Activity » Look through the entries below for the line with "Panneau d'obligation avec" and the line with "The Ceremony is", then give again exactly those two lines and all lines between them, minus the pictures.

Material for this task »
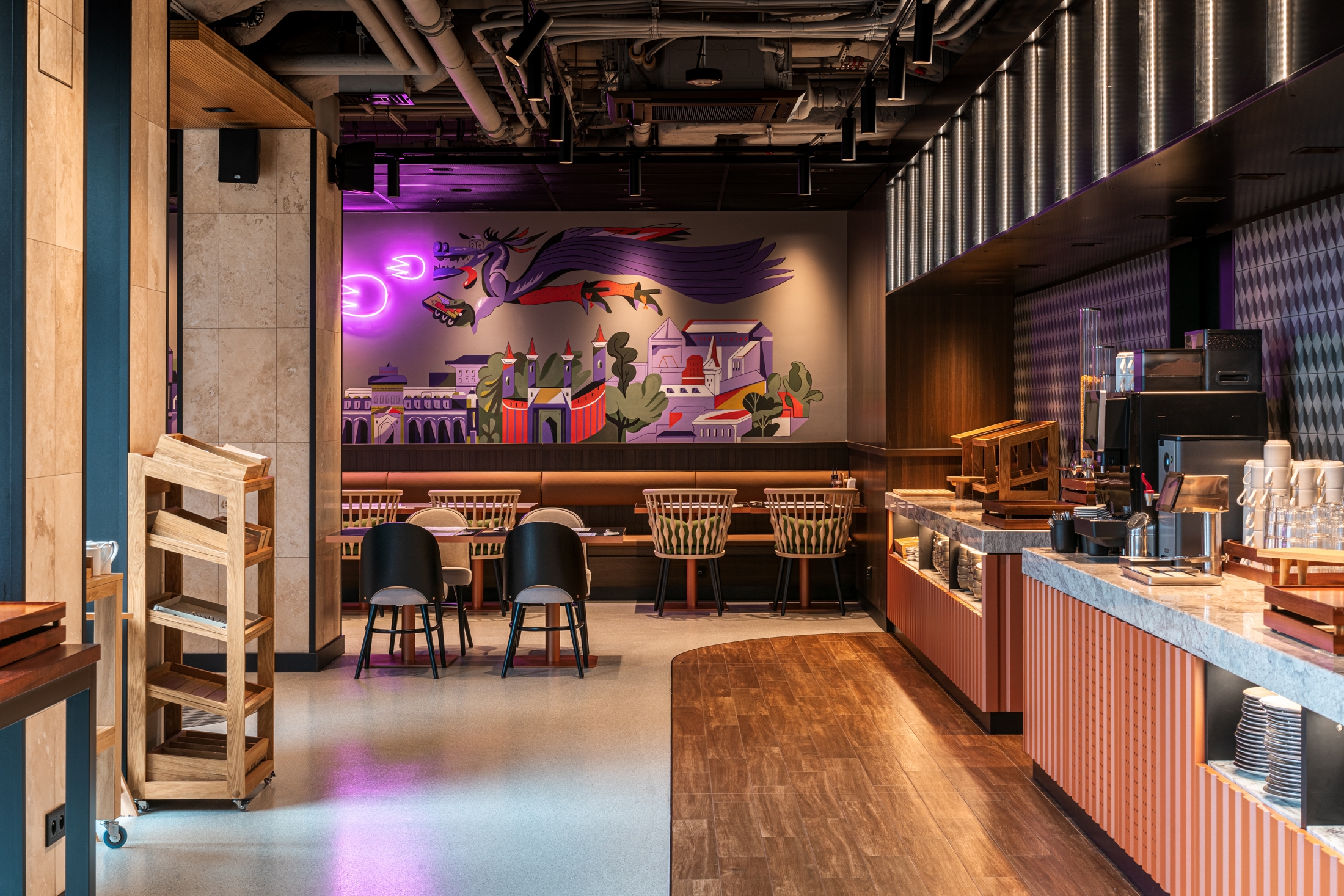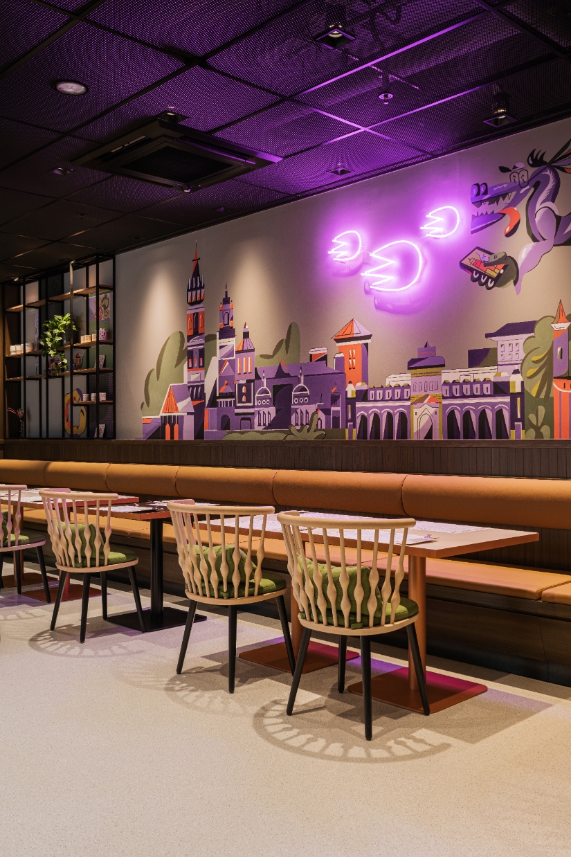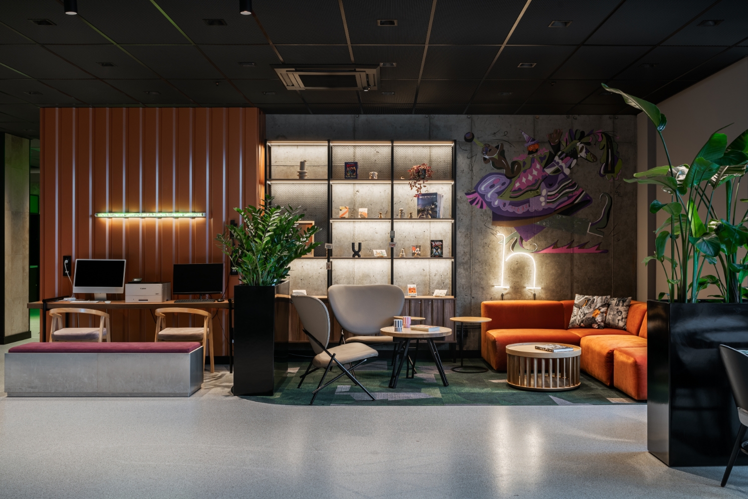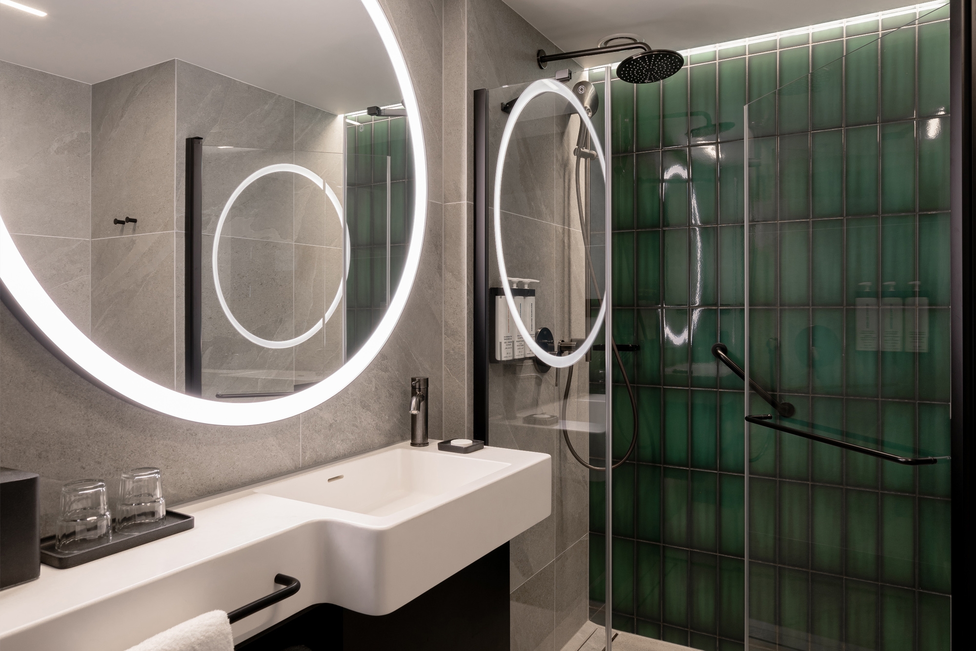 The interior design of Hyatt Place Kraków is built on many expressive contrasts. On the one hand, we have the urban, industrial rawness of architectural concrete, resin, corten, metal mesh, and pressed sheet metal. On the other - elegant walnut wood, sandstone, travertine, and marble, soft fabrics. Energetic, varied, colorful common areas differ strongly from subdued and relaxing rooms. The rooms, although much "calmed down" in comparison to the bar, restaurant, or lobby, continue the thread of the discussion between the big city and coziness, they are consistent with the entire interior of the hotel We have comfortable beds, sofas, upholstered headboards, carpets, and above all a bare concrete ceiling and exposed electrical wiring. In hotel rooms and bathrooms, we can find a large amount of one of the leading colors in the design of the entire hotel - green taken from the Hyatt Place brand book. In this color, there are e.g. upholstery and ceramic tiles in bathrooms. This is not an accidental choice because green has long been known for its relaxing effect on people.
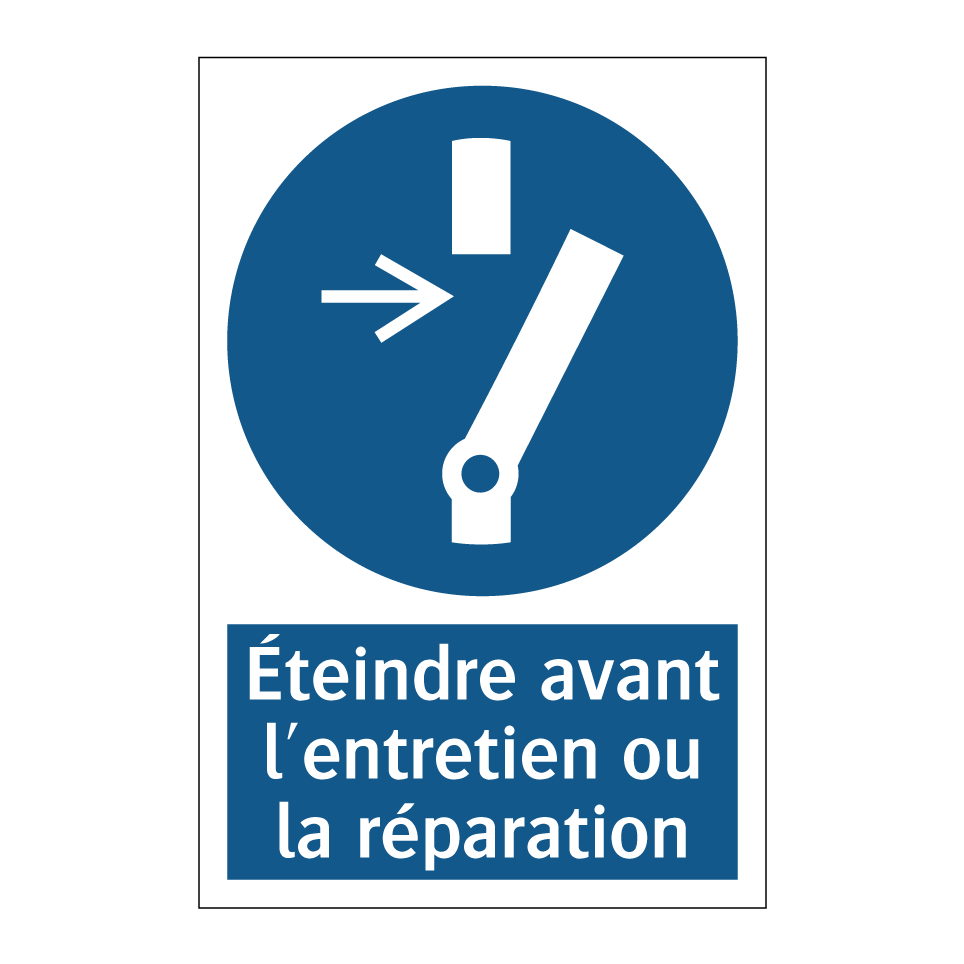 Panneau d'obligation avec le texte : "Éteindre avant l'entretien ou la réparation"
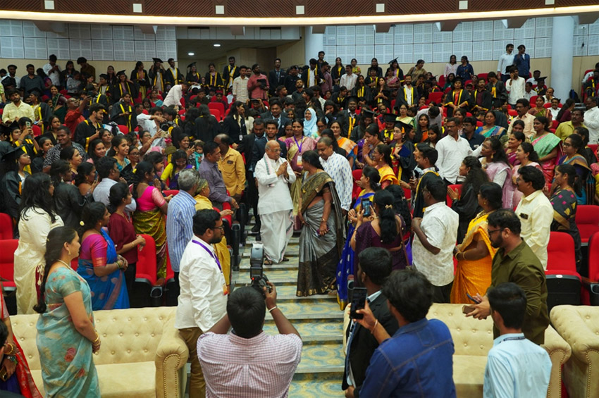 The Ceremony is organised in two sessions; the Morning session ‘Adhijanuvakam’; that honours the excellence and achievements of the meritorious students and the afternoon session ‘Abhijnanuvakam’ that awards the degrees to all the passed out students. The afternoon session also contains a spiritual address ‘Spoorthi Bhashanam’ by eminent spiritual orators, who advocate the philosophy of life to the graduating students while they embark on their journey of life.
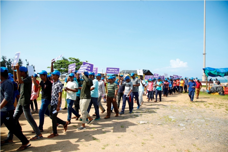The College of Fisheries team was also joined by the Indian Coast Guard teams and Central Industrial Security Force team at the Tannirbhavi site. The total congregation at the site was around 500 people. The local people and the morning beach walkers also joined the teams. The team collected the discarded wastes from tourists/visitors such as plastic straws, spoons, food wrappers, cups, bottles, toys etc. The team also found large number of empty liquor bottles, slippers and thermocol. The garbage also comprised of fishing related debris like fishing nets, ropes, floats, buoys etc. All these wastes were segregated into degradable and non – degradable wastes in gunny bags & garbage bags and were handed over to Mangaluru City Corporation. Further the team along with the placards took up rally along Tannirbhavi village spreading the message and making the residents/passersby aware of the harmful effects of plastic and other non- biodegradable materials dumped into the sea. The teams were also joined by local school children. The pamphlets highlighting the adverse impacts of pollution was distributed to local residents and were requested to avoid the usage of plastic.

...

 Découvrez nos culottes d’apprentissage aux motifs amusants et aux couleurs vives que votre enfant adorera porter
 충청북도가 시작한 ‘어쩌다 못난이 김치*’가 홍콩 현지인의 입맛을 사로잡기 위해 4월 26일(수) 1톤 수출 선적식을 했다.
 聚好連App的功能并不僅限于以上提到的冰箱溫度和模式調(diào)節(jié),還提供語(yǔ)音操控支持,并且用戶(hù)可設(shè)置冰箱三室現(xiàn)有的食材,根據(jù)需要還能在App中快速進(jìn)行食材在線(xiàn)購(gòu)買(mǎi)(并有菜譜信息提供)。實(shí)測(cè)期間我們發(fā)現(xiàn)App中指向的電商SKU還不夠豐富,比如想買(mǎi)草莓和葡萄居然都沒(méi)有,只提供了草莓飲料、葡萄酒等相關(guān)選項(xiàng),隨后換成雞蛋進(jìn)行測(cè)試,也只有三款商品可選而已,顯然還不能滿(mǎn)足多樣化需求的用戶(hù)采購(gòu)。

Solution for this task »
 Panneau d'obligation avec le texte : "Éteindre avant l'entretien ou la réparation"
 The Ceremony is organised in two sessions; the Morning session ‘Adhijanuvakam’; that honours the excellence and achievements of the meritorious students and the afternoon session ‘Abhijnanuvakam’ that awards the degrees to all the passed out students. The afternoon session also contains a spiritual address ‘Spoorthi Bhashanam’ by eminent spiritual orators, who advocate the philosophy of life to the graduating students while they embark on their journey of life.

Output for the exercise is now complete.